PhotoAnother strong month for private sector employment gains.

The ADP National Employment Report says payrolls rose by 214,000 from January to February with service-providing companies providing most of the strength.

Employment in that sector rose by 208,000 jobs in February, as professional/business services contributed 59,000 jobs. Trade/transportation/utilities grew by 20,000, and financial activities added just 8,000 new jobs -- the least since last August.

Goods-producing employment rose by 5,000 jobs in February, just over a quarter of January's upwardly revised 19,000. There were 27,000 new jobs in the construction industry, slightly above January's upwardly revised 26,000, while manufacturing lost 9,000 jobs -- the second largest drop in five years.

Small business on the move

Payrolls for businesses with 49 or fewer employees increased by 76,000 jobs last month, while employment among companies with 50-499 employees increased by 62,000 jobs.

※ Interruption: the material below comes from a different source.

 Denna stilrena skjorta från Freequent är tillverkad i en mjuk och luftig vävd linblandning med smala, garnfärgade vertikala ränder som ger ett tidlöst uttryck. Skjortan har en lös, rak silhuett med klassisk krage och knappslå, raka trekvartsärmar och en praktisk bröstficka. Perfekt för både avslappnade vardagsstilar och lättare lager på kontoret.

Employment at large companies -- those with 500 or more employees -- came in at 76,000, a big jump from January's 44,000. Companies with 500-999 employees added 14,000 jobs, while companies with over 1,000 employees gained 62,000 jobs.

"Large businesses showed surprisingly strong job gains in February, despite the continuation of economic trends that negatively impact big companies like turmoil in international markets and a strengthening dollar," said Ahu Yildirmaz, VP and head of the ADP Research Institute. "The gains were mostly driven by the service sector which accounted for almost all the jobs added by large businesses."

A trend for higher wages?

Stifel Fixed Income Chief Economist Lindsey Piegza notes the labor market has been rapidly improving towards full-employment with more than 60 consecutive months of positive job creation, but that wage growth has been "stubbornly low."

She says with back-to-back months of above-trend growth in salaries, the February jobs report from the Labor Department, due out this Friday, "will confirm if the upward momentum in wages is a sustainable trend or simply a temporary phenomenon."